- Directed by: Gilbert Pratt
- Produced by: Hal Roach
- Starring: Harold Lloyd
- Distributed by: Pathé Exchange
- Release date: April 21, 1918;
- Running time: 10 minutes
- Country: United States
- Languages: Silent English intertitles

= It's a Wild Life =

1918 film

It's a Wild Life is a 1918 American silent comedy short film featuring Harold Lloyd.

==Cast==
- Harold Lloyd
- Snub Pollard
- Bebe Daniels
- William Blaisdell
- Sammy Brooks
- Lige Conley
- Helen Gilmore
- Lew Harvey
- Bud Jamison
- Fred C. Newmeyer
- James Parrott
- Charles Stevenson

==Plot==
Harold attempts to court Bebe but he is turned away from Bebe's home by her mother who tells Harold that her daughter will only date a banker or a councilman.

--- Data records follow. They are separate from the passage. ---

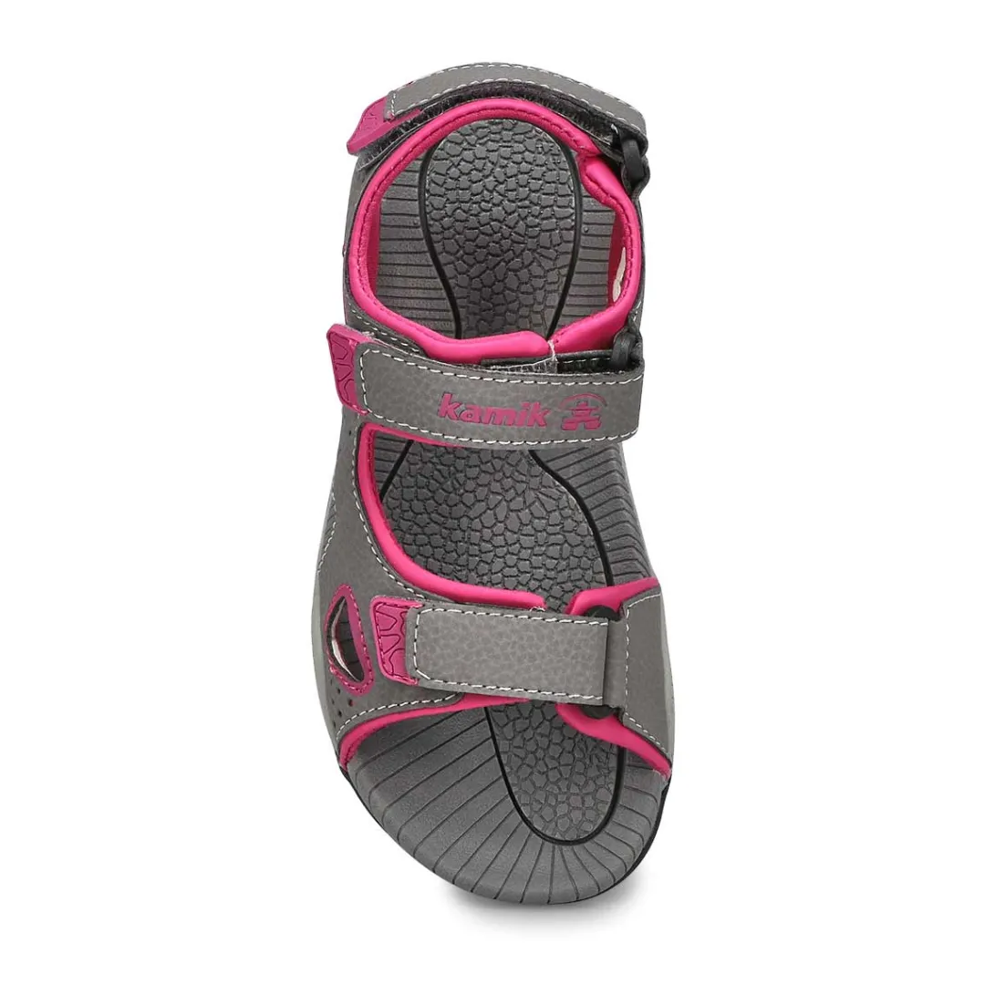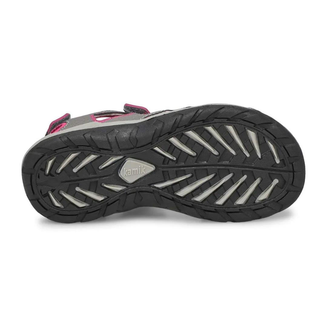 Bring on the heat wave with Lobster 2 dark grey/ pink 3 strap sport sandal from Kamik. These kids’ sandals keep feet fresh, cool and dry, thanks to an odor-control-treated footbed and breathable, moisture-wicking materials. Ideal for chasing bubbles and racing to the pool, these sandals for kids have three adjustable straps for a comfy and snug fit.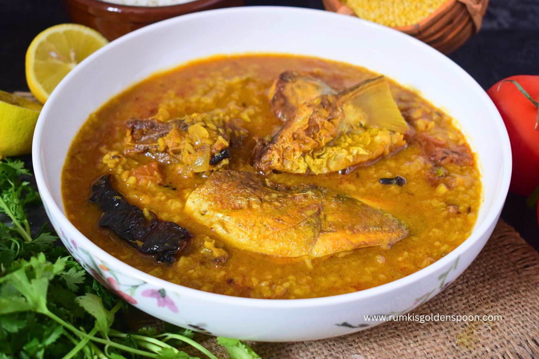 ১টি রুই মাছের মাথা, ১ কাপ মুগ ডাল, পরিমাণ মতো সর্ষের তেল, ২টি তেজপাতা, ২টি লবঙ্গ, ১টি দারচিনি, ২ টি এলাচ, ১টি পেঁয়াজ, ১টি টমেটো, ১চা চামচ আদা বাটা, ১চা চামচ রসুন বাটা, ১চা চামচ ঘি, ১টি শুকনো মরিচ, ১/২চা চামচ গোটা জিরা, ১চা চামচ জিরার গুঁড়া, ১চা চামচ হলুদ গুঁড়া, ১/২চা চামচ কাশ্মিরী মরিচ গুঁড়া, ১/২চা চামচ ধনে গুঁড়া, স্বাদ মত লবন, ২চা চামচ ধনে পাতা।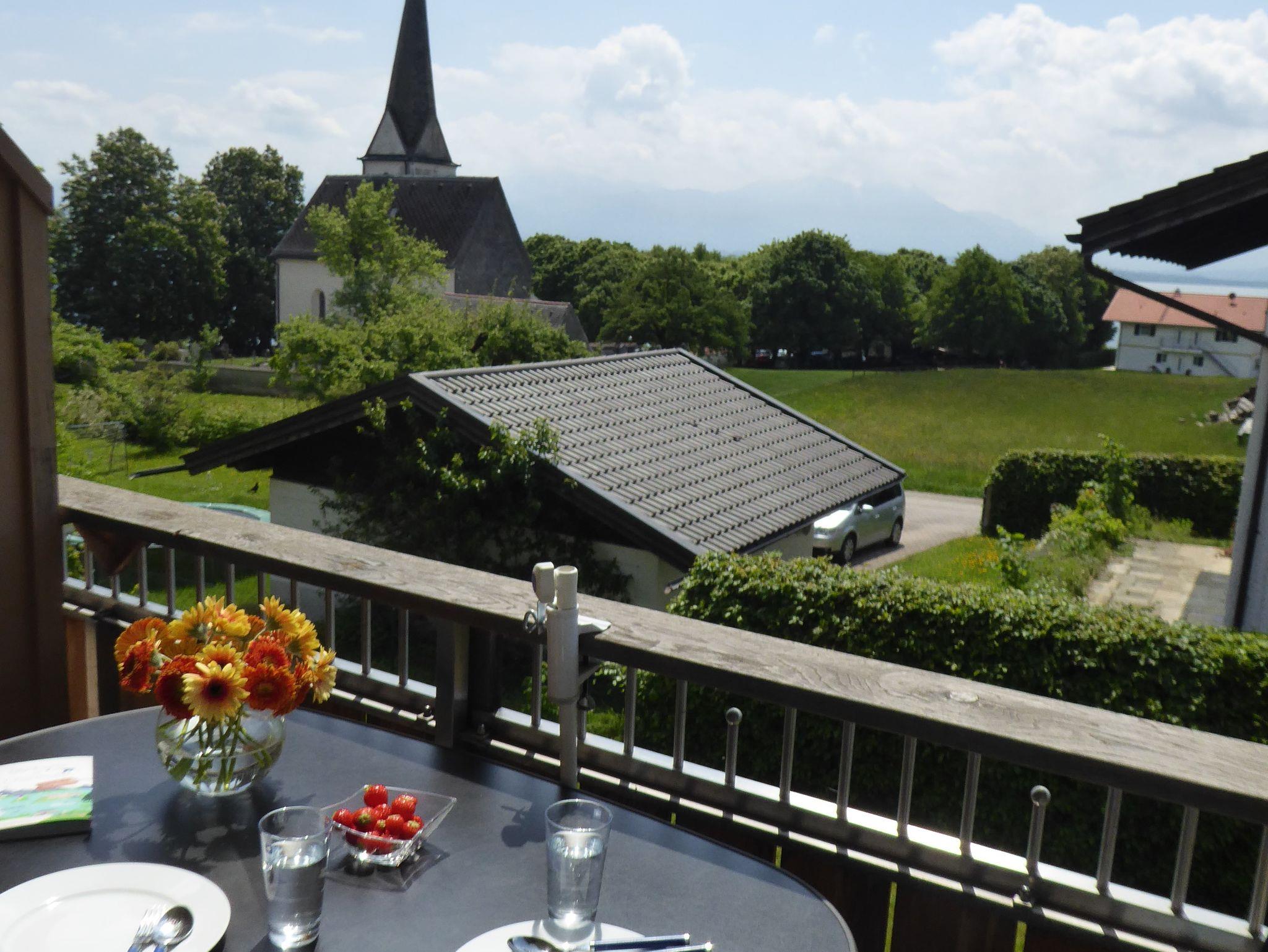 Wir möchten Sie herzlich willkommen heißen in unserer neuwertigen Ferienwohnung in ruhiger, aber zentraler Lage von Gstadt. Die hochwertige und helle Ferienwohnung mit ca. 60 qm befindet sich im 1. Stock mit großem Südbalkon. Von hier aus können Sie in Ruhe den Blick auf die Alpenkette und den Chiemsee genießen. Der große Ess- und Wohnbereich ist mit Schlafcouch (140 x 200 cm) und TV ausgestattet, die Küche mit Kaffemaschine, großer Spülmaschine, Cerankochfeld, Backofen und Mikrowelle, Wasserkocher, Toaster, Kühlschrank mit Tiefkühlfach; im Schlafzimmer befindet sich ein Doppelbett (180 x 200 cm), ein großer Einbauschrank und Verdunklungsvorhänge und im Bad sind DU/WC und Badewanne vorhanden. Auch ein Wäscheständer steht Ihnen zur Verfügung. Eigener Kfz-Stellplatz.

Bebe's father arranges for Snub to date his daughter as he fits the criteria for an acceptable suitor. Harold follows Bebe, Snub and Bebe's parents to a dance hall where Bebe is pleased to see him. Harold distracts the others long enough to have an energetic dance with Bebe. Harold then gets into an extended fight with both Snub and Bebe's father. Eventually all the dance hall patrons become involved in the fighting. The police are summoned. The dance hall manager eventually turns out the lights on the brawlers as the fight shows no signs of subsiding.

==Reception==
In a review on April 20, 1918, Motion Picture News, wrote that the film was "perhaps, Harold Lloyd’s funniest single reel comedy...It has a laugh in practically every scene, and there is a plentiful supply of good business...adding considerably thereby to the gaiety of nations."